I updated to arrow v11.0.0.2 yesterday and noticed that the identical workflows are loading files 50-60x slower.
A benchmark are selectively choosing 200 columns from a (3400 rows x 16000 column dataset, each column containing two text attributes)
~300ms with 9.0.0
~17000ms using v11.0.0.2.
If I save the file I read from v9 saving with v11, then re-read with v11, it's the same , ~17 seconds
On the mac (M1 10-core) it's about 12 seconds.
I understand there are some significant changes under the hood with c++ under the v10 updates but based on the update notes no action would be required for doing anything fancy with ubuntu (I have gcc v9.4) or mac (clang v13).
Any idea what's going on? We store thousands of parquet files so wondering if we should avoid >= v11.
Sorry if this is mislabeled as a bug, but it seems like one to me as I havent changed anything else but systems meet the requirements.
library(arrow)
library(microbenchmark)
# fake data, 3500x16000 with attributes
test_data <- as.data.frame(
lapply(setNames(1:16000, paste0("col", 1:16000)), function(x) {
col <- sample(c(1:5, NA), 3500, replace = TRUE)

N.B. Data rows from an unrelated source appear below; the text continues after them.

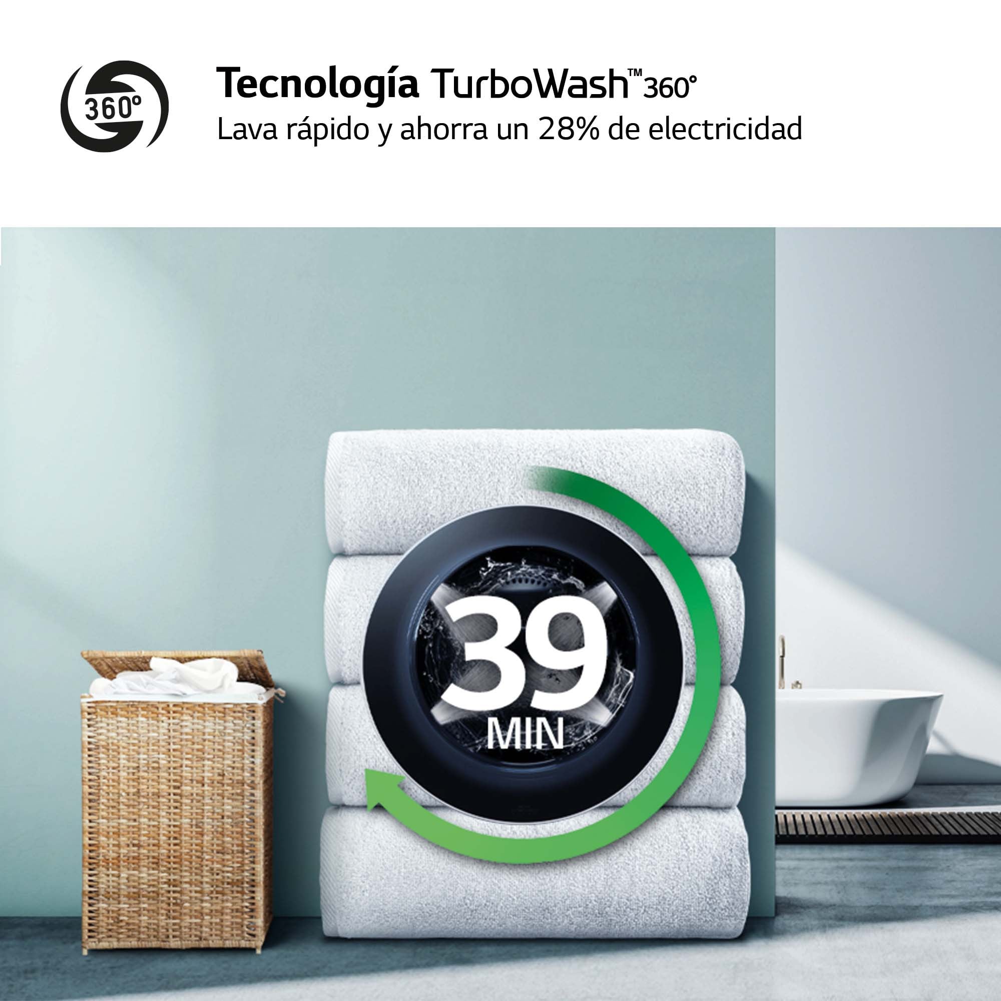 *Probado por la entidad independiente Intertek. Estudio basado en la norma IEC 60456: edición 5.0. Basado en un ciclo Turbowash con una duración de 39 minutos con 5 kg de carga IEC comparado con el ciclo de algodón convencional TurboWash. Los modelos comparados fueron el F4V9RWP2W frente al FC1450S2W. Los resultados reales pueden variar dependiendo de la ropa y el entorno. Para más información, visite (www.lg.com/es).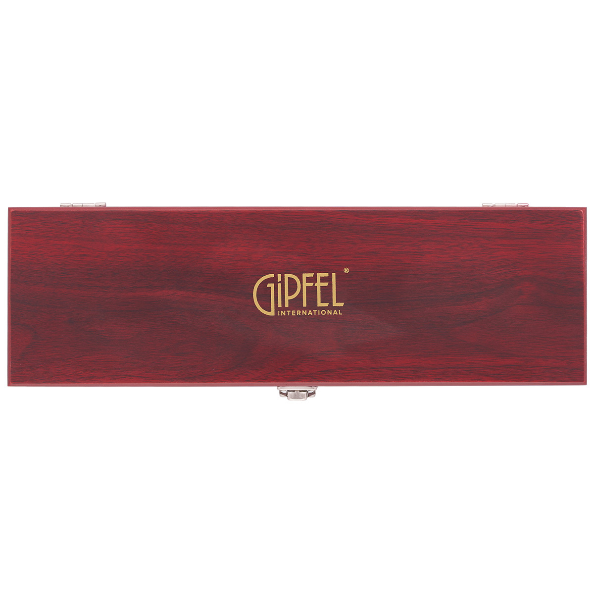 Набор винных аксессуаров Gipfel 9627. Размер 36х11,5х11 см. В комплекте 4 аксессуара в деревянном футляре: аэратор с функцией воронки, многофункциональная открывалка, специальный термометр и нож для срезания фольги с горлышка бутылки. Данные приспособления позволяют быстро открыть вино и сделать его хранение более эффективным. В деревянный футляр помещается бутылка вина.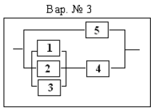 • Задача 3. Задана структурная схема надежности системы, состоящей из пяти элементов. Событие Аi - отказ i-го элемента за некоторый промежуток времени. Вероятности безотказной работы элементов заданы: P(Ai)=0,95; i=1,3,5; P(Aj)=0,95; j=2,4. Событие А состоит в безотказной работе всей системы за рассматриваемый промежуток времени (события Аi независимы в совокупности). Требуется: 1) выразить событие А через Ai или Аi (i=1,2,3,4,5); 2) найти вероятность P(A) безотказной работы системы.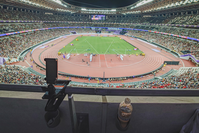 Xperia 1 VIIがこれまた良く出来ていて、16mm超広角カメラだと会場全体が。24mm広角カメラだとフィールド全体が。48mm標準画角だとやり投げフィールドがちょうど上手く収まります。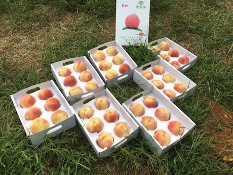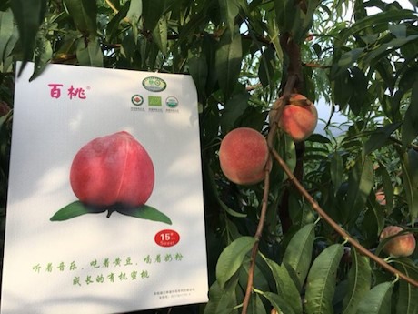 “这种高品质的蜜桃来自位于山东的沂水金龙山农业专业合作社,该合作社拥有占地1800亩的种植基地,主要种植品种为“百桃一号、百桃二号”,该基地现已获得美国欧盟有机认证、中国有机认证、出口基地备案以及自有工厂出口备案。所收获的蜜桃在’百桃’品牌下,今年首次通过传统的销售模式,以规模化的销量销往全国各地的大型批发市场及超市。”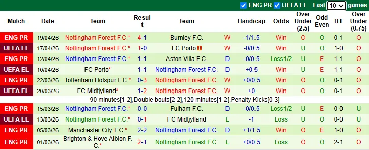 Thống kê phong độ 10 trận gần nhất của Nottingham Forest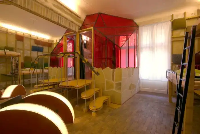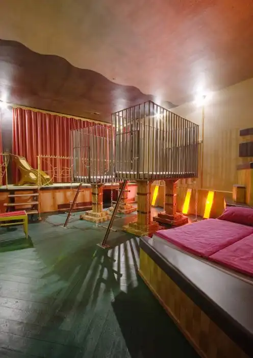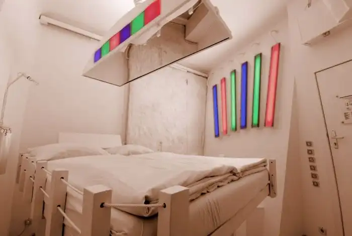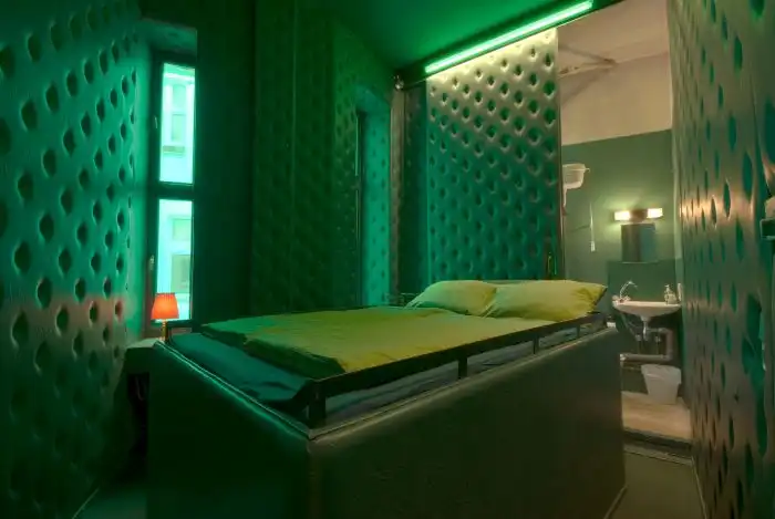Propeller Island City Lodge - необычный отель в Германии, в Берлине, где все номера в этом отеле отличаются друг от друга. Отель завоевал большую популярность среди туристов и, даже, среди местных жителей. Каждый постоялец получает руководство, в котором четко описывается, как необходимо пользоваться своей комнатой. Например, одна из комнат полностью покрыта зеркалами, в другой пол расположен под наклоном, а третья вообще оформлена под тюремную камеру. Если вам вы любитель острых ощущений, то отель Propeller Island City Lodge - это то, что вам нужно.
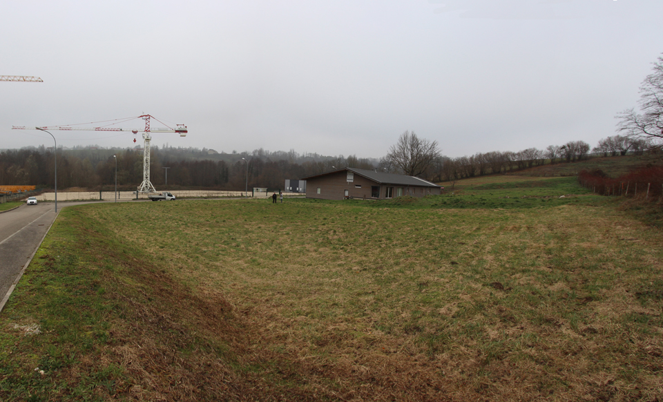 Des noues paysagées viennent créer une clôture végétale autour de la parcelle, et traiter l’infiltration des eaux pluviales, un point sensible du lieu.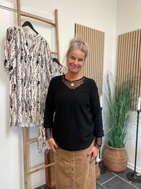 En iøjnefaldende meshtrøje med prikker, der giver et feminint og sofistikeret udtryk. Denne langærmede trøje er perfekt til lag-på-lag eller som et statement-piece, og dens lette materiale sikrer komfort hele dagen.

levels(col) <- paste("level", 1:4)
attr(col, "text") <- "test question text"
col
})
)
# write out the file somewhere
file <- "~/Desktop/test_data_v9.parquet"
### using arrow 9.0.0
packageVersion('arrow')
arrow::write_parquet(test_data, file)
### benchmark
microbenchmark::microbenchmark(
arrow::read_parquet(file, col_select = 1:200), times = 10
)
### NOW SWITCH to arrow 11.0.0.2 just from the 9.0.0 data
packageVersion('arrow')
microbenchmark::microbenchmark(
arrow::read_parquet(file, col_select = 1:200), times = 10
)
### now re-create, save, re-read using all v11
packageVersion('arrow')
file2 <- "~/Desktop/test_data_v11.parquet"
arrow::write_parquet(test_data, file2)
### benchmark
microbenchmark::microbenchmark(
arrow::read_parquet(file2, col_select = 1:200), times = 10
)